Who is behind the move to use government surveillance tools against innocent Americans? Do some of these officials still work inside the government? Were some of them the very same officials now implicated in alleged surveillance abuses during Campaign 2016?
The Case
In late January, an appeals court heard oral arguments in my federal lawsuit, now entering its fourth year. A panel of three judges will determine what happens next. Here are several possible outcomes:
1. The judges side with us. They determine that former Attorney General Eric Holder is not entitled to immunity from lawsuits such as mine. They decide that we had adequate time in discovery to learn the identities of the John Doe federal agents who conducted the remote computer intrusions and surveillance. The case returns to U.S. District Court for the Eastern District of Virginia where we resume our longstanding attempts to get the Department of Justice to properly respond to document subpoenas, which they have so far failed to do.

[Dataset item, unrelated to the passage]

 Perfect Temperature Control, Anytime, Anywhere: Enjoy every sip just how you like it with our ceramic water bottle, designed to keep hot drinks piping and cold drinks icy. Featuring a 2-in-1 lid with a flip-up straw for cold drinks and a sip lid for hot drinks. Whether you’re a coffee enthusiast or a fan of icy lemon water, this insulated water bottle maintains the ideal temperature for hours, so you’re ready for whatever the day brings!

2. The judges side with the Department of Justice. They determine that Holder and other federal officials enjoy immunity from my lawsuit.

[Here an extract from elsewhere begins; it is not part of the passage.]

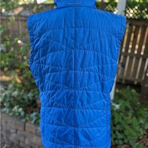Vibrant blue quilted vest by Columbia. Features a sleek zip-up front and sleeveless style.

(Excerpt) Read more at americanthinker.com ...
Option #3. Ruled against and appealed.
Option #4. Special Counsel Mueller ends his investigation and then all hell breaks loose as the real investigations begin.
Good Luck Sharyl
If the Democratic Socialists push for the revocation of the Patriot Act, there’d be a willing audience across the political spectrum.
The dark state beast is great in power. Funded by trillions of our dollars.
I would not be surprised if pretty much everyone who regularly posts on conservative websites is on some sort of watch list.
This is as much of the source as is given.